The reply should hold only the lines from the one with "a black chair" to the one with "Royal Canadian Mounted", both ends kept, exactly as they appear below, without any pictures.
★ ★ ★
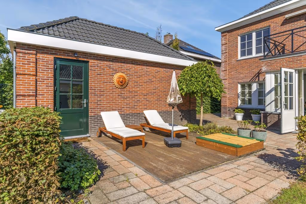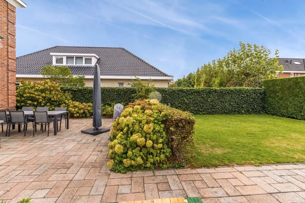 De tuin is een oase van rust en met een mooie balans tussen beplanting, terras en gazon, is het hier heerlijk vertoeven. De tuin is gesitueerd op het Zuiden en heeft aan 2 zijden een achterom. In de tuin bevindt zich een vrijstaande garage, met een tegelvloer, extra keukenblok en een dubbele, houten toegangsdeur. Tenslotte beschikt het perceel over een riante oprit, geschikt voor meerdere voertuigen.
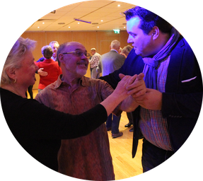 Langsamer Walzer, Tango, Foxtrott, Cha-Cha-Cha, Rumba, Jive und Discofox. Das Tanzen geschieht in lockerer Atmosphäre und ganz ohne Zwang. Anschließend sitzen wir immer noch gemeinsam bei einer Tasse Kaffee.
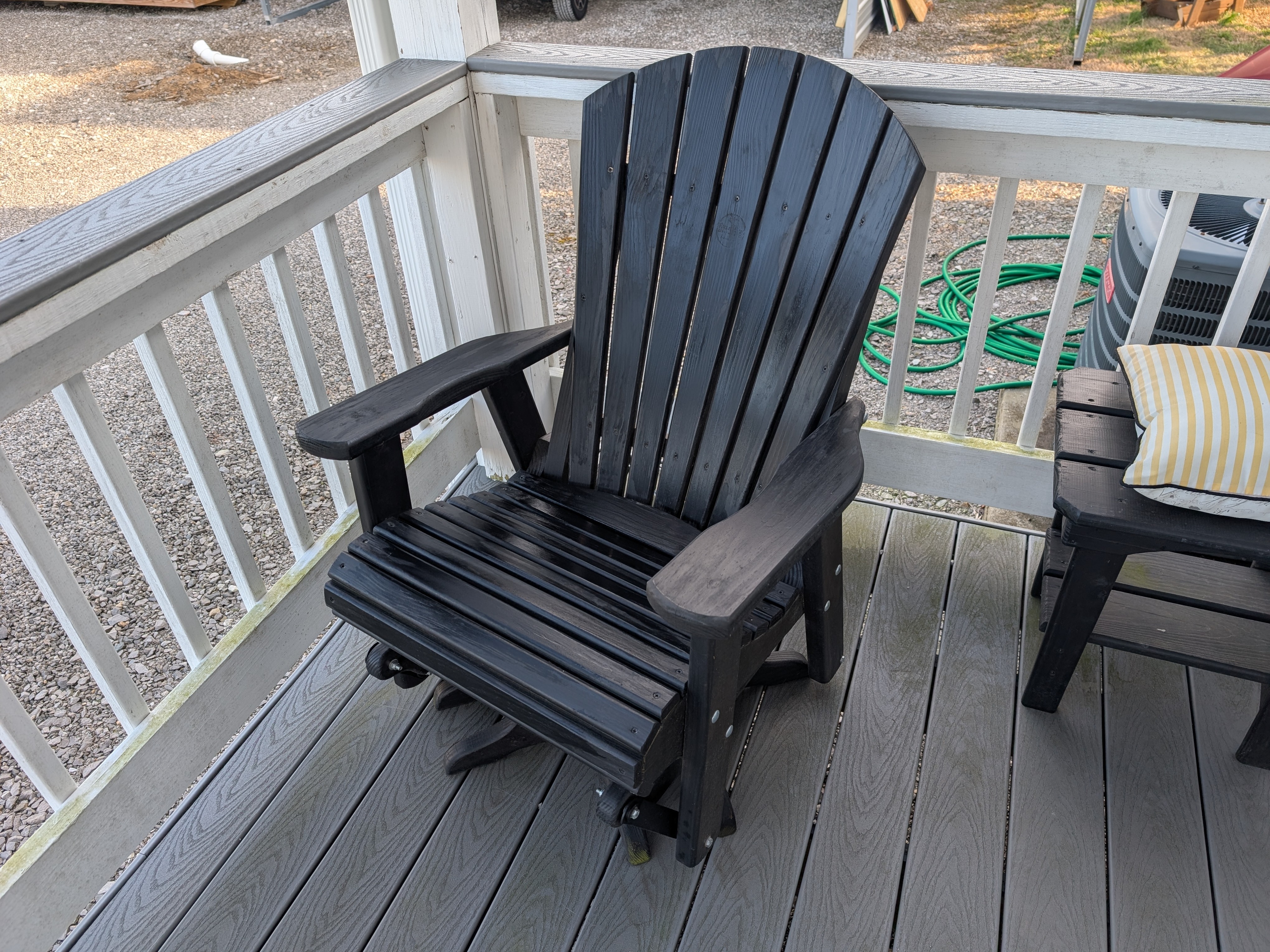 a black chair sitting on a porch. It can swivel around and glide back and forth
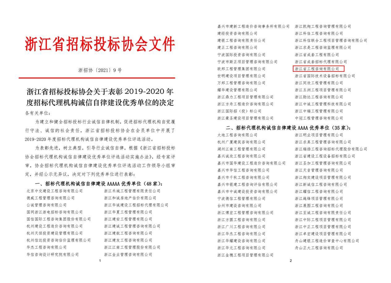近日,根據(jù)《浙江省招標(biāo)投標(biāo)協(xié)會(huì)招標(biāo)代理機(jī)構(gòu)誠(chéng)信自律建設(shè)優(yōu)秀單位評(píng)選活動(dòng)實(shí)施辦法》,經(jīng)專(zhuān)家評(píng)審,協(xié)會(huì)招標(biāo)代理機(jī)構(gòu)誠(chéng)信自律建設(shè)優(yōu)秀單位評(píng)選活動(dòng)工作領(lǐng)導(dǎo)小組審定,我公司被評(píng)為2019-2020年度招標(biāo)代理機(jī)構(gòu)誠(chéng)信自律建設(shè)AAAAA優(yōu)秀單位。公司已連續(xù)多年獲得招標(biāo)代理機(jī)構(gòu)誠(chéng)信自律建設(shè)AAAAA優(yōu)秀單位。
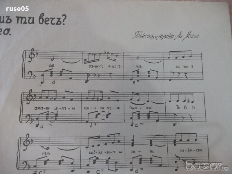 Ноти "Не ме ли любишъ ти вечъ - Танго - Ал. Миша" - 4 стр., снимка 1 - Специализирана литература - 17854850 Ноти "Не ме ли любишъ ти вечъ - Танго - Ал. Миша" - 4 стр., снимка 2 - Специализирана литература - 17854850 Ноти "Не ме ли любишъ ти вечъ - Танго - Ал. Миша" - 4 стр., снимка 3 - Специализирана литература - 17854850 1/3
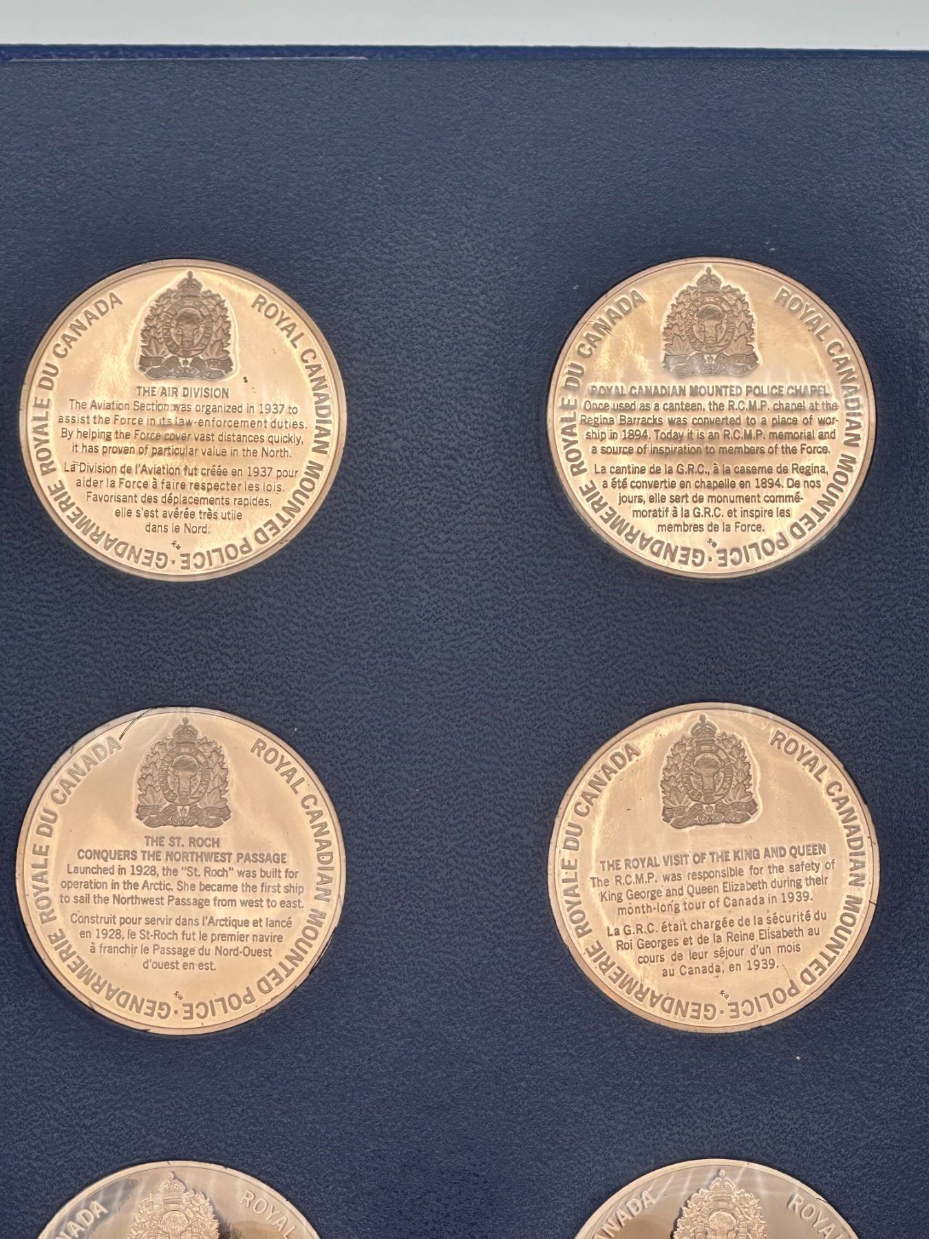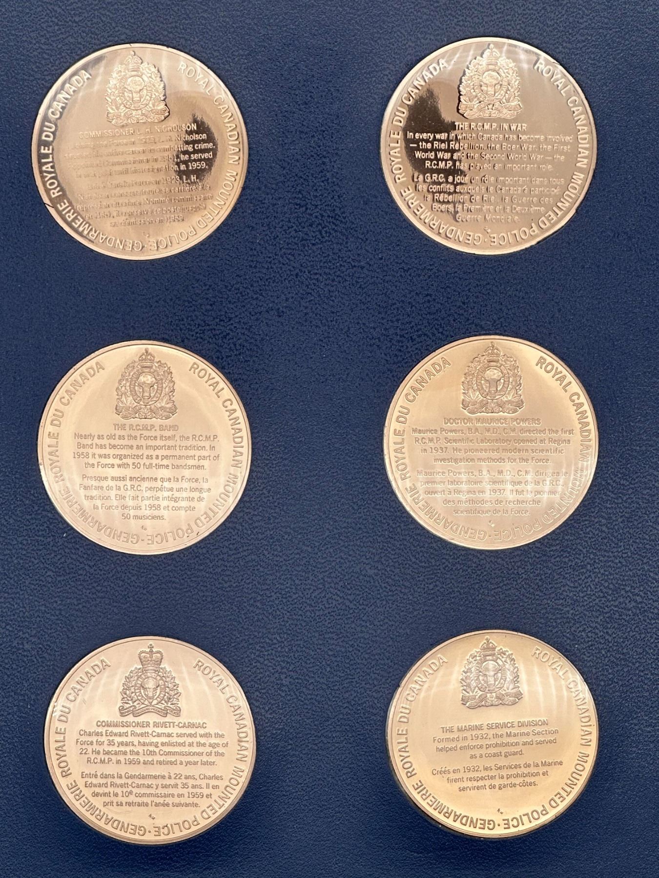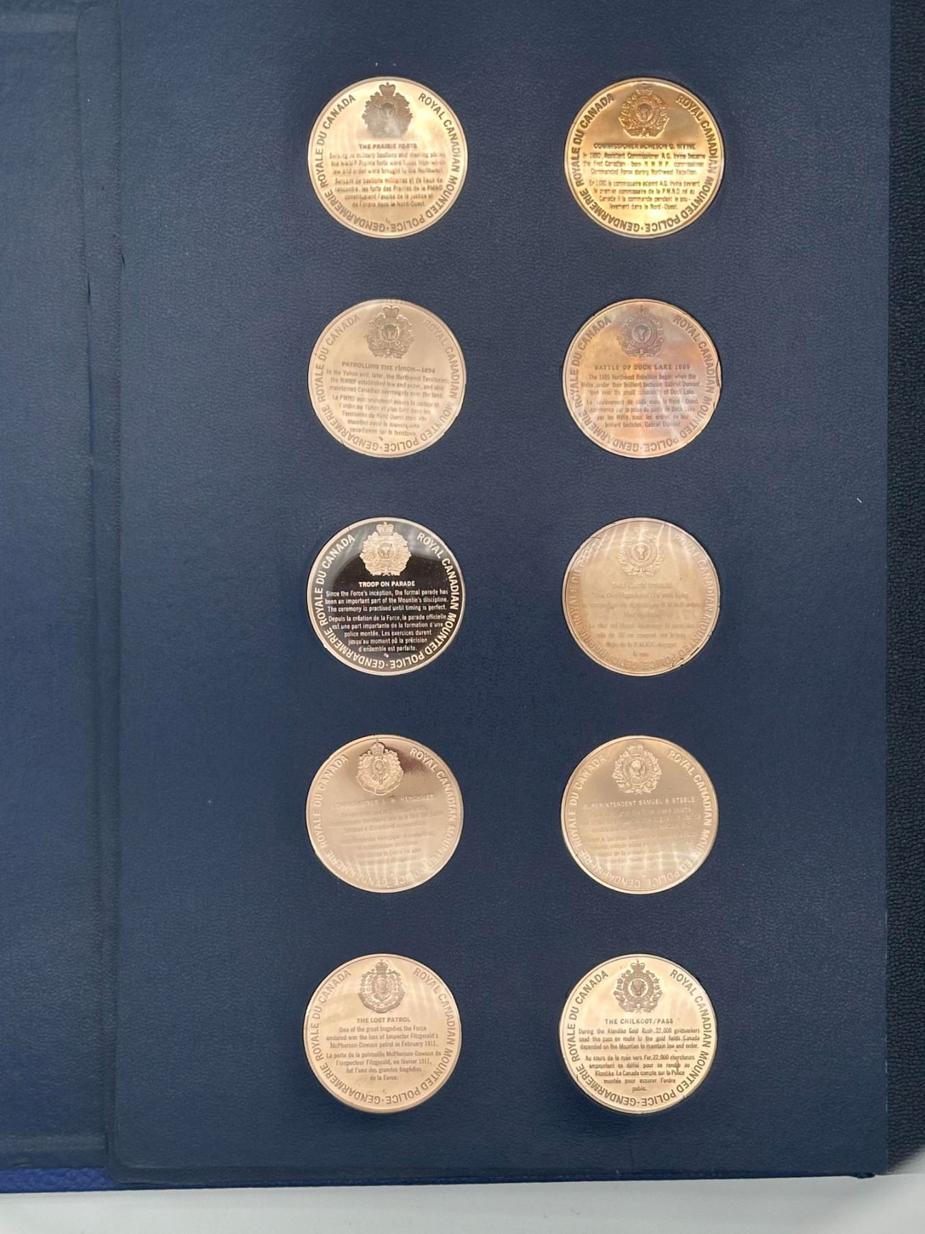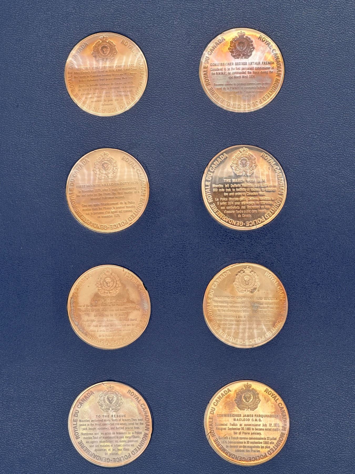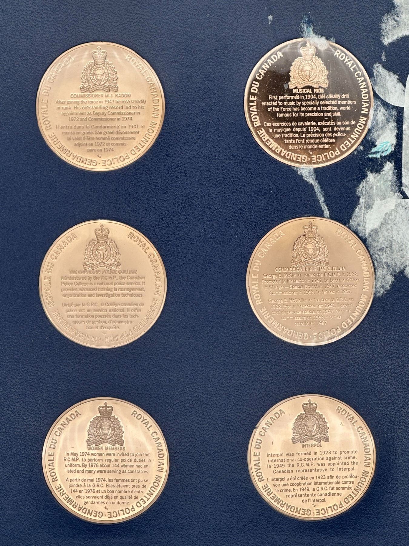 Royal Canadian Mounted Police centennial bronze medal set, 1873–1973, approx. 48 medals in album. Depicts RCMP history. Includes binder.
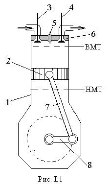 Термодинамический анализ любого двигателя, как и любого другого устройства, начинается с изучения конструкции, что позволяет поставить задачу исследования и обосновать те или иные упрощающие допущения. На рис. I.1 приведена принципиальная схема четырёхтактного карбюраторного двигателя. В цилиндре 1 может двигаться поршень 2 между крайними положениями ВМТ (верхняя мёртвая точка) и НМТ (нижняя мёртвая точка). При движении поршня вниз за счёт разрежения при открытом впускном клапане 3 и закрытом выпускном клапане 4 в головке блока 6 в цилиндр поступает подготовленная в карбюраторе смесь паров бензина с воздухом. При достижении поршнем нижней мёртвой точки (НМТ) впускной клапан закрывается, поршень начинает движение вверх при закрытых клапанах, смесь сжимается, её давление и температура повышаются. При достижении поршнем верхней мёртвой точки (ВМТ) смесь принудительно поджигается за счёт искры между электродами свечи 5. Давление продуктов сгорания при взрыве смеси практически мгновенно повышается, поршень начинает двигаться вниз, возникающее при этом усилие передаётся через шатун 7 на кривошип 8 и далее через коробку передач и трансмиссию на внешнюю нагрузку, например на колёса автомобиля. По достижении поршнем нижней мёртвой точки (НМТ) принудительно открывается выпускной клапан, продукты сгорания под действием повышенного давления вытекают из цилиндра через глушитель и выхлопную трубу в атмосферу. Далее при открытом выпускном клапане поршень, двигаясь вверх к ВМТ, выталкивает остатки продуктов сгорания. Затем вся последовательность описанных выше процессов (цикл) повторяется. Легко видеть, что замкнутая последовательность процессов изменения состояния рабочего тела (цикл) в таком двигателе совершается за два оборота коленчатого вала.
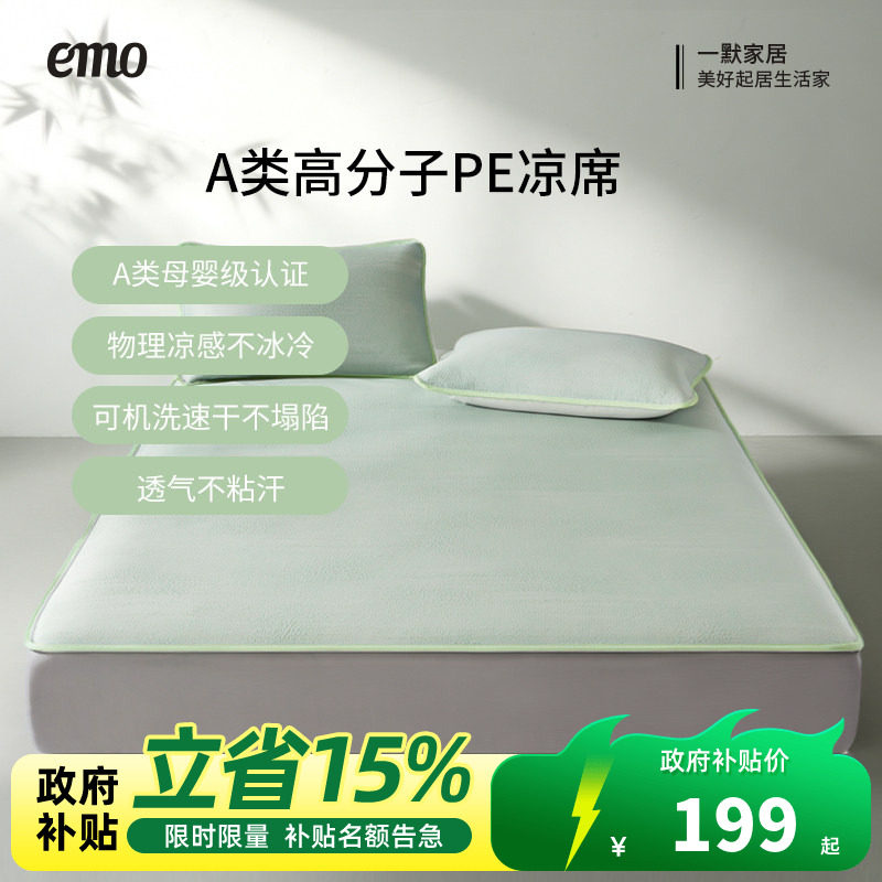 一默凉席夏季凉感席a类PE凉席透气空调席家用可水洗软席子床笠款
★ ★ ★
◆ Exercise response
 a black chair sitting on a porch. It can swivel around and glide back and forth
近日,根據(jù)《浙江省招標(biāo)投標(biāo)協(xié)會(huì)招標(biāo)代理機(jī)構(gòu)誠(chéng)信自律建設(shè)優(yōu)秀單位評(píng)選活動(dòng)實(shí)施辦法》,經(jīng)專(zhuān)家評(píng)審,協(xié)會(huì)招標(biāo)代理機(jī)構(gòu)誠(chéng)信自律建設(shè)優(yōu)秀單位評(píng)選活動(dòng)工作領(lǐng)導(dǎo)小組審定,我公司被評(píng)為2019-2020年度招標(biāo)代理機(jī)構(gòu)誠(chéng)信自律建設(shè)AAAAA優(yōu)秀單位。公司已連續(xù)多年獲得招標(biāo)代理機(jī)構(gòu)誠(chéng)信自律建設(shè)AAAAA優(yōu)秀單位。
 Ноти "Не ме ли любишъ ти вечъ - Танго - Ал. Миша" - 4 стр., снимка 1 - Специализирана литература - 17854850 Ноти "Не ме ли любишъ ти вечъ - Танго - Ал. Миша" - 4 стр., снимка 2 - Специализирана литература - 17854850 Ноти "Не ме ли любишъ ти вечъ - Танго - Ал. Миша" - 4 стр., снимка 3 - Специализирана литература - 17854850 1/3
 Royal Canadian Mounted Police centennial bronze medal set, 1873–1973, approx. 48 medals in album. Depicts RCMP history. Includes binder.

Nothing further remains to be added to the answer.